Deforestation rates have been difficult to evaluate as no reliable continuous forest monitoring programme is in place in the country. SDG Indicator 15.2.1 Forest area annual net change rate (%) was -0.33 over the 2010-2020 period. 


Initiatives and Development Plans

According to forest management plans, forest harvesting areas must set aside a certain fraction of their territory for conservation. To date, there are 48 logging areas covering 124,741 ha.

One of the strategies aimed to promote forest restoration is the establishment of Agroforestry Systems (SAF), predominantly coffee SAFs, through which producers convert forests into agroforestry systems. Due to the reduction of the carbon stock, any forest that passes to an agroforestry system will be considered degradation; however, it is considered an area for future improvement due to the lack of spatial information on the surfaces and associated emissions.

The Master Plan for Water, Forests, and Soil implements interventions for integrated, sustainable management of water resources, forests and soil with local participation. This plan includes a Forestry Incentive Regulation in accordance with the Forestry, Protected Areas and Wildlife Law; and the activation of the Soil Protection Standard for the development of agricultural and forestry projects and/or forest conservation.

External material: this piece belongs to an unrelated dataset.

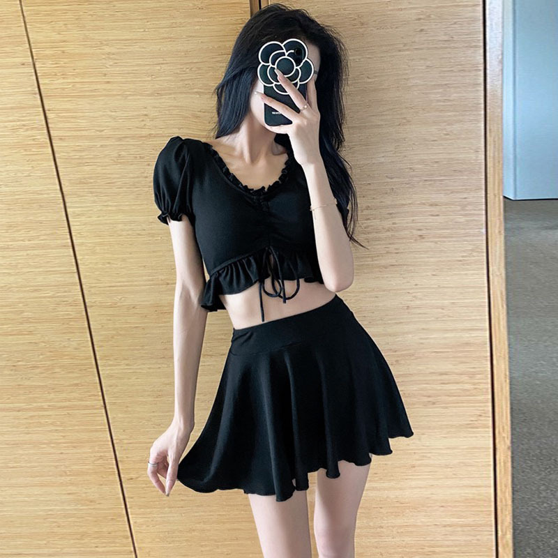 2024 새로운 핫 스타일 소녀 수영복 분할 스커트 스타일 높은 허리 슬리밍 한국 섹시한 작은 가슴 보수적 인 온천 수영복스토어 가기

The National Reforestation Program comprises four subprograms: (i) Economic Development of the forestry sector; (ii) Community Forest Development; (iii) Environmental Services, Ecosystem Restoration, and Climate Change; and (iv) Protected Areas and Biodiversity. It includes an Information System for Forest Management and Monitoring.


Goals and Ambitions

To counteract forest loss, and mitigate climate change, the Honduras Forests Restoration Strategy aims to restore one million hectares through participatory processes, by 2030.

The country aims not only to strengthen land governance, rights of use, land tenure, and the regulatory framework of the forestry sector; but also establish robust and effective processes for multiple stakeholders. Moreover, the country aims to create conditions that enable larger-scale investments; generate land use policies; investment policies that support the legal production of timber; support the implementation of REDD+ policies by directly addressing some of the causes of deforestation and forest degradation [1]


Implementation of Honduras' REDD+ Strategy, National Restoration Program, and the National Agroforestry Program will require significant financial and technical support.